Problem: In the entries below, find the line with "Медична книжка, форма 2" and the line with "Przedszkolak – Przedszkole", then retype both and everything between them exactly. Do not copy the pictures.

Data records:
=== Begin Enclosure ===

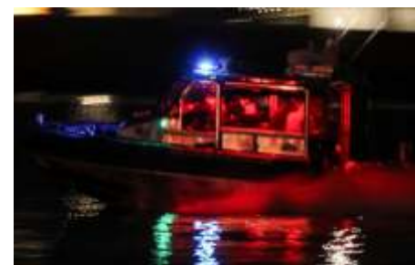
Petugas tanggap darurat bekerja di dekat lokasi kecelakaan setelah penerbangan American Eagle 5342 bertabrakan dengan helikopter Black Hawk saat mendekati Bandara Nasional Reagan Washington dan jatuh ke Sungai Potomac, di luar Washington, AS (30/1/2025).

"Kami bekerja sama dengan Dewan Keselamatan Transportasi Nasional dalam menyelidikannya dan akan terus memberikan semua informasi yang kami bisa," kata CEO American Airlines Robert Isom. (Reuters,Sputnik,ist/nei)
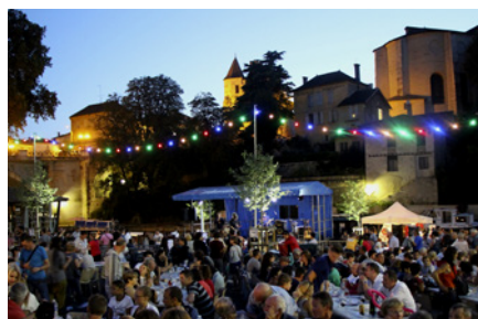
Marchés nocturnes "Mardis So Gascogne"
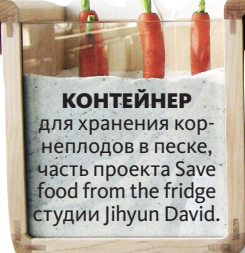
КОНТЕЙНЕР для хранения корнеплодов в песке, часть проекта Save food from the fridge студии Jihyun David.
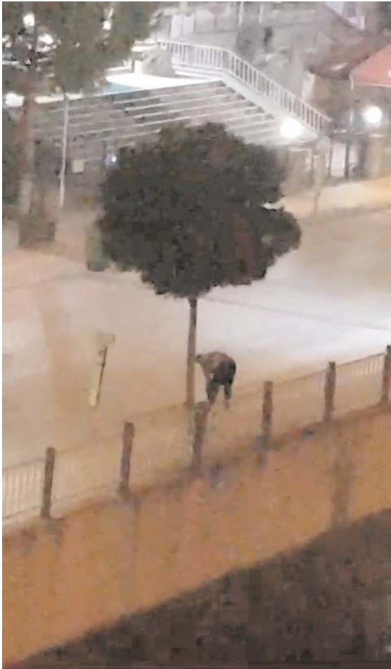
Irmaktan kovayla su alarak ağaçları sulayan vatandaşın bu davranışı takdir topladı.

Vatandaşın örnek davranışı çevre sakinlerinin takdirini toplarken cep telefonu kamerası ile o anlar da görüntülendi. Görüntülerde, bir adamın ilçe merkezinden geçen sulama kanalından kova ile çektiği suları kaldırımdaki ağaçların dibine döktüğü görülüyor. (İHA)
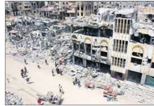
الفاض والفاض
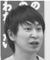
広島市社会福祉事業団 労組

2月19日(水)広島自治労連からオンライン併用で、連続学習会「聞いて、知って、私たちの仕事」の第6回を開催し、会場10名、オンライン39名と多くの参加がありました。
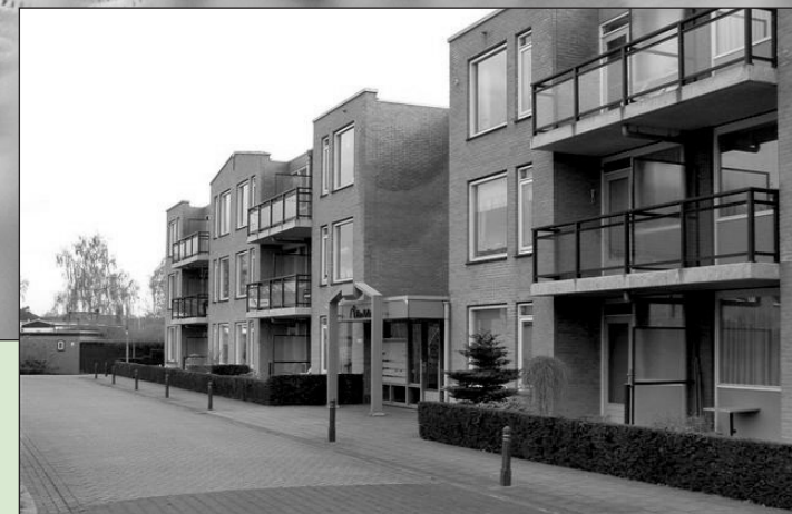
• Locatie groepswonen voor ouderen in Winterswijk

Gemeente Oude IJsselstreek bellen? 292 292
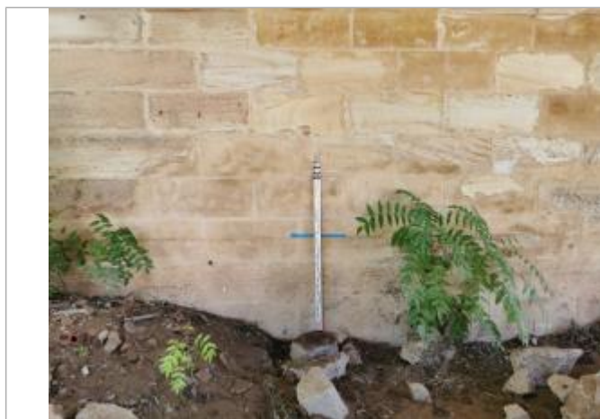
laisse sous le pont Neuf

Altitude calculée de l'eau (en m) : 195.93
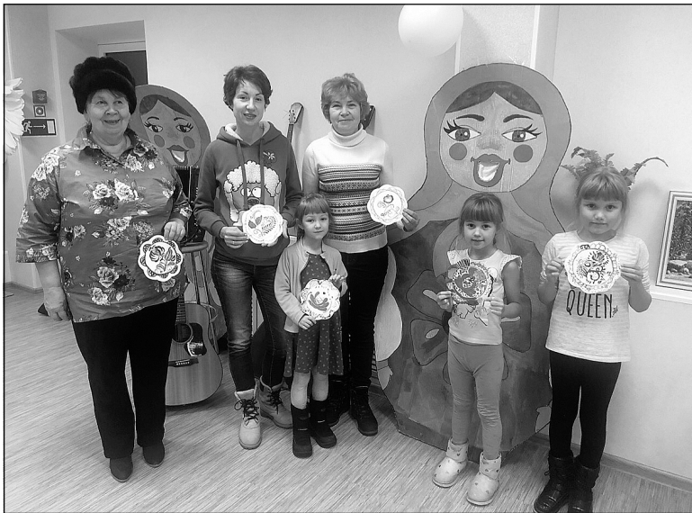
«Ночь искусств» в Успенке.
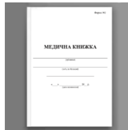
Медична книжка, форма 2
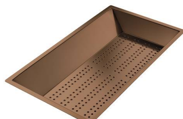
Perforierte Edelstahlwanne PVD Copper

* nur in Kombination mit dem Zubehör 8644 101
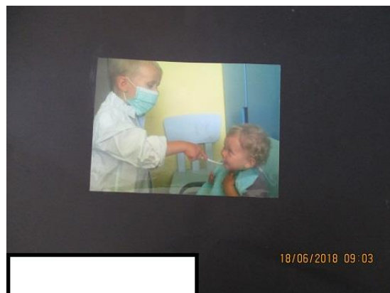
Przedszkolak – Przedszkole Publiczne nr 8 w Policach
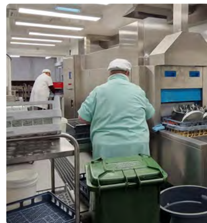
Zwei unserer Kollegen/innen bei ihrer Arbeit im vergleichsweise engen Raum und kleinen Straßen.
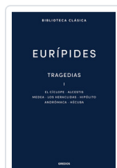
TRAGEDIAS I. EL CICLOPE. ALCESTIS. MEDEA. LOS HERACLIDAS. H EURIPIDES
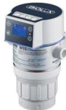
型號：EOS7177-Q 圖中僅為產品參考圖

採用革命性的AOP (高級氧化程序) 技術，取代傳統的UV或化學劑處理食水及供水線的清潔消毒。活氧將水中物質分解後，會自然地轉化為氧氣，水中並不會留下任何化學殘留物，過程安全而且十分環保。
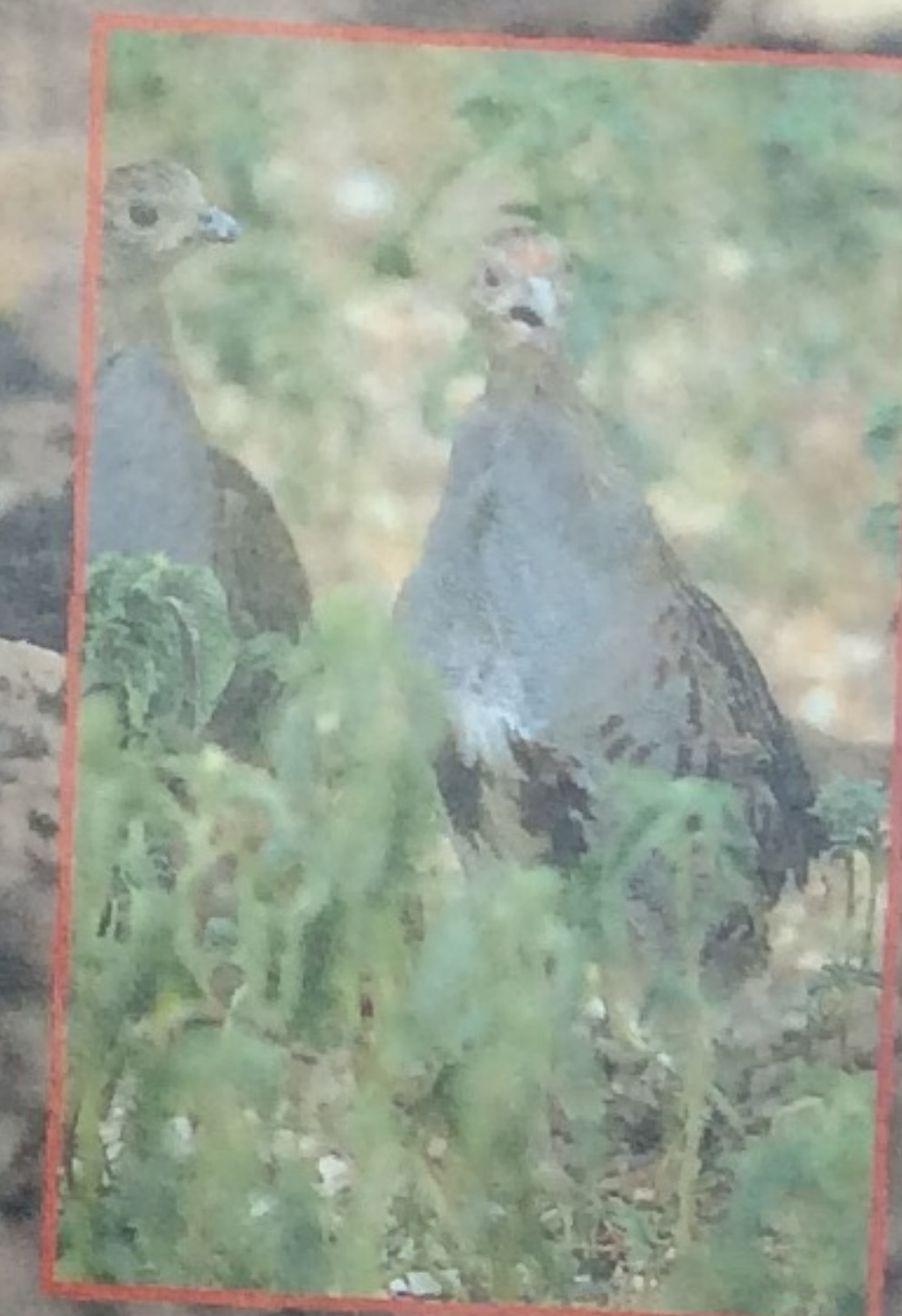
(R. MASSOLI - NOVELLI)

Volete sapere che aria si respira nell'azienda faunistico venatoria di Acquafondata? Andate a leggervi il bellissimo All'insegna della caccia di E. Antonio Grossi. Ma attenti, perché dopo non potrete fare a meno di voler rivivere di persona quelle emozioni Testo di Marco Ramanzini
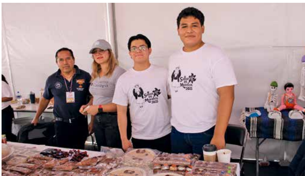
• Delegación de Celaya, Guanajuato.
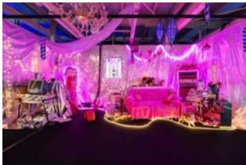
打卡熱點 - 「數碼龐克號」時代既夢幻且科幻的少女房間
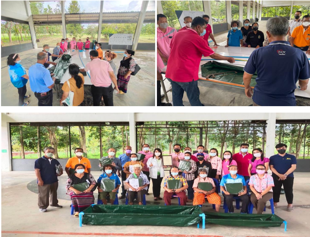
ภาพที่ 2.9 กิจกรรมการจัดอบรมเชิงปฏิบัติการพัฒนาศักยภาพของครัวเรือนยากจนในพื้นที่ตำบลหนองพลวง อำเภोजักราช (ต่อ)
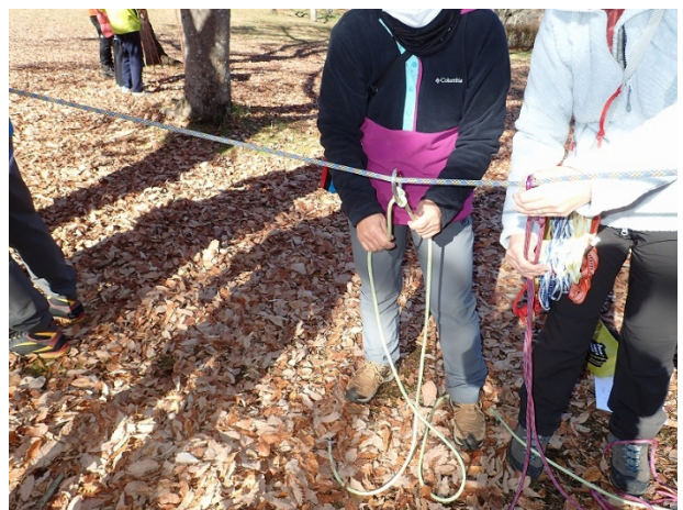
クローブヒッチの結び方の実習
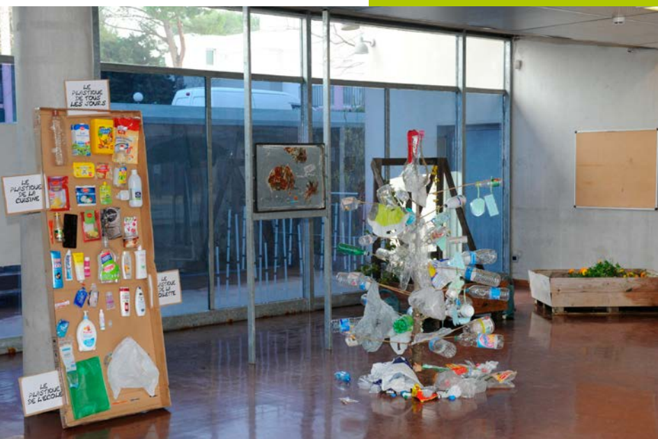
Collège Las Cazes à Montpellier
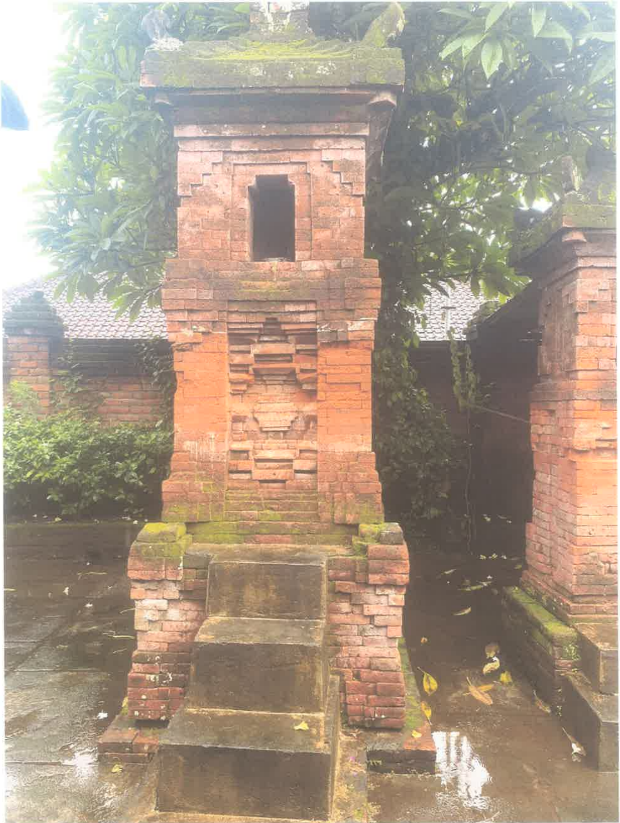
Foto Gedong Maspait Yang Akan di Perbaiki
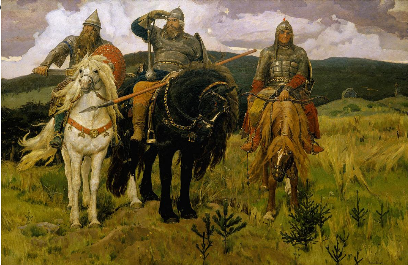
Богатыри. 1881—1898 гг.
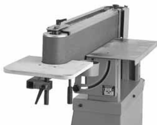
Schleiffläche senkrecht, mit Schleiftisch, zur Bearbeitung von Rundungen. Schleiftisch ist im Lieferumfang enthalten.
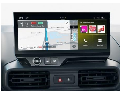
Multimediálny systém NAVI IVI 10" displej, Wifi Mirroring, 2x USB C, Opel Connect
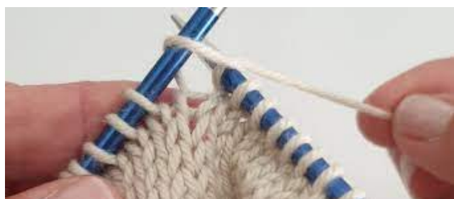
TEJIDO A DOS Y 5 AGUJAS (para medias y piezas tubulares)
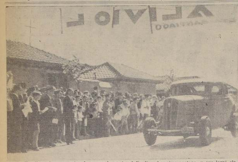
Varoli, en los momentos de cruzar la meta al finalizar la primera etapa, y que logró clasificarse en el cuarto lugar de la carrera finalizada en Concepción
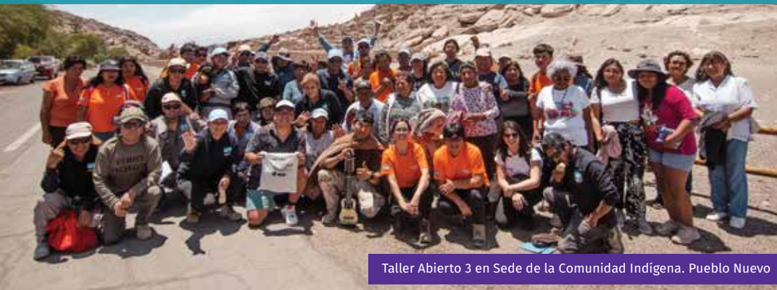
Taller Abierto 3 en Sede de la Comunidad Indígena. Pueblo Nuevo

=== End Enclosure ===

Task solution:
Медична книжка, форма 2
Perforierte Edelstahlwanne PVD Copper

* nur in Kombination mit dem Zubehör 8644 101
Przedszkolak – Przedszkole Publiczne nr 8 w Policach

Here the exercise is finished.